Decision Node: X_3 <= 0.8829938248297731 (Info Gain: 0.030411184210526354)
  left:
Decision Node: X_1 <= 0.8956747776187787 (Info Gain: 0.029068922766983696)
    left:
Decision Node: X_1 <= 0.5568784431720959 (Info Gain: 0.03305447867782074)
      left:
Decision Node: X_1 <= 0.42485084286808694 (Info Gain: 0.1428571428571429)
        left:
Leaf Node: 1.0
        right:
Leaf Node: 0.0
      right:
Decision Node: X_2 <= 0.5484191629935626 (Info Gain: 0.05391540682860546)
        left:
Leaf Node: 1.0
        right:
Leaf Node: 1.0
    right:
Decision Node: X_3 <= 0.8398016066644267 (Info Gain: 0.23507805325987144)
      left:
Decision Node: X_1 <= 0.9685373316998922 (Info Gain: 0.04938271604938271)
        left:
Leaf Node: 0.0
        right:
Leaf Node: 0.0
      right:
Leaf Node: 1.0
  right:
Leaf Node: 0.0
Accuracy Score 0.6


As you can see, we are getting **7 if-then Clauses** and others are pure nodes.

#### Reducing the number of if-then clauses by Adjusting max_depth and min_samples_split
 

In [79]:
classifier3 = MyDecisionTree(min_samples_split=1, max_depth=1)   
classifier3.fit(X3_train,Y3_train)
classifier3.print_tree()
Y3_pred = classifier3.predict(X3_test) 
print("Accuracy Score: ", accuracy_score(Y3_test, Y3_pred))

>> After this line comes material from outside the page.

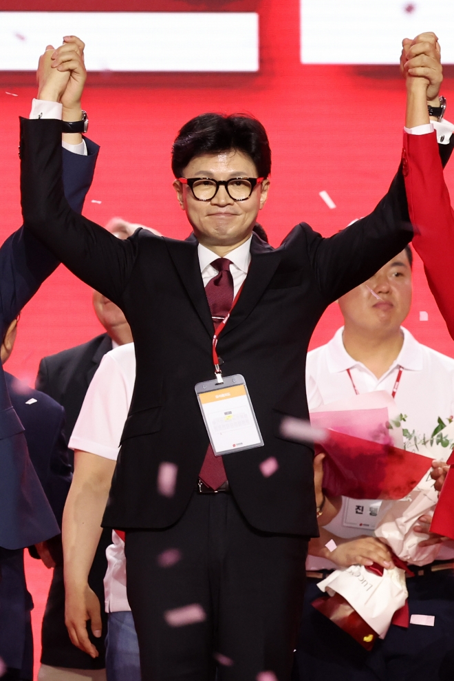 이미지 확대보기한 후보는 23일 경기 고양 킨텍스에서 열린 국민의힘 제4차 전당대회에서 62.84%로 과반을 득표해 당선됐다.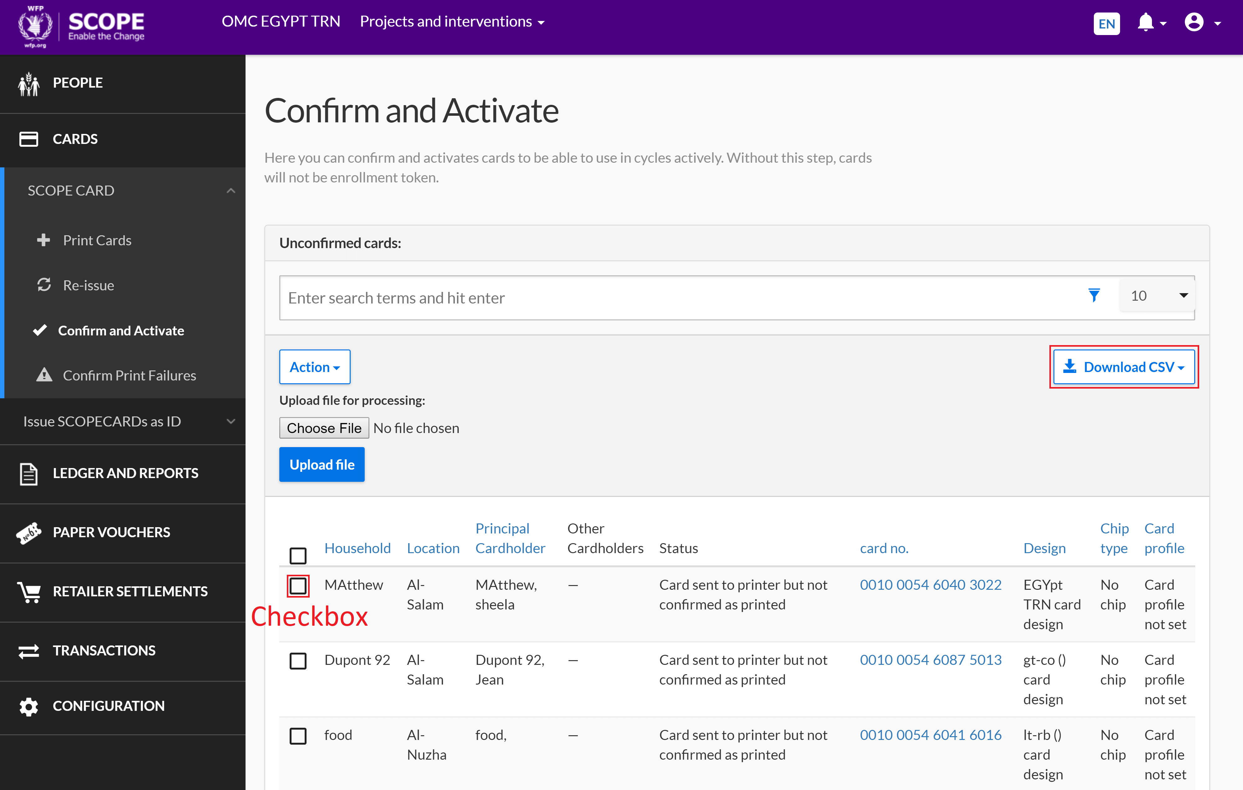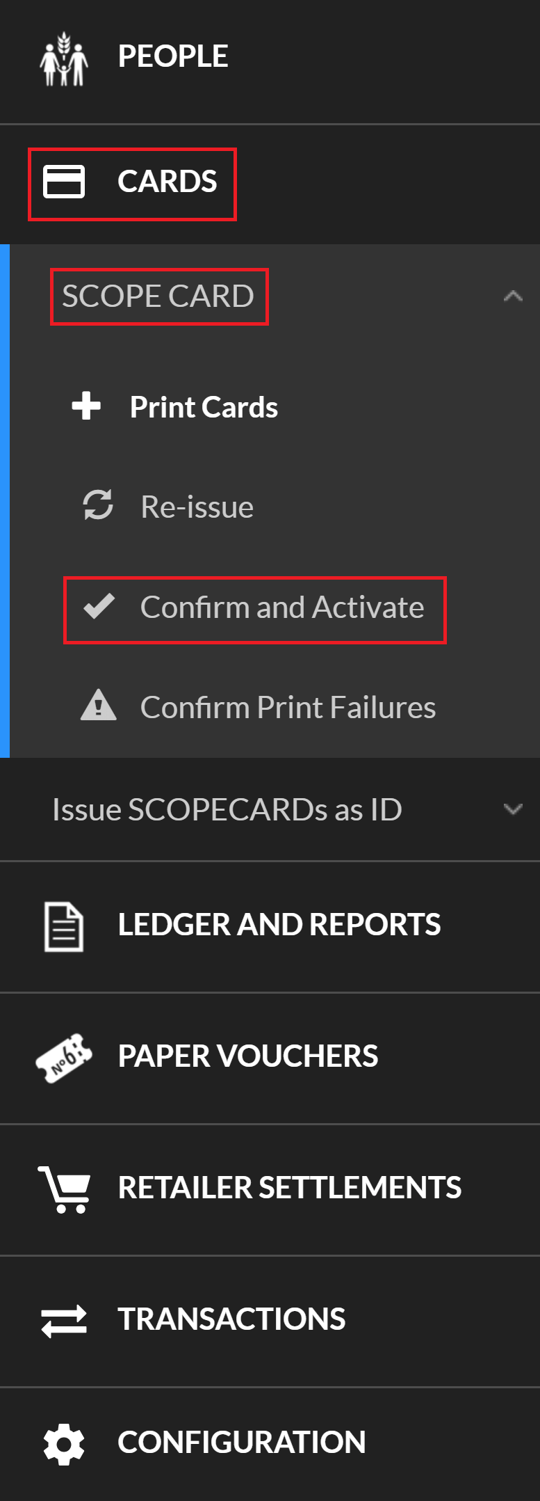 Confirm and activate printed SCOPECARDs so they can be actively used in a distribution cycle. If SCOPECARDs are not confirmed and activated, they cannot be used as an enrolment token.

Decision Node: X_3 <= 0.8829938248297731 (Info Gain: 0.030411184210526354)
  left:
Decision Node: X_1 <= 0.8956747776187787 (Info Gain: 0.029068922766983696)
    left:
Leaf Node: 1.0
    right:
Leaf Node: 0.0
  right:
Leaf Node: 0.0
Accuracy Score:  0.55


As you can see, the tree becomes shallower when we adjust the `max_depth` = 1, and the `min_samples` = 1 and the number of **if-then clauses = 2**. However, the accuracy of the prediction slightly reduces, but now the algorithm is more generalized.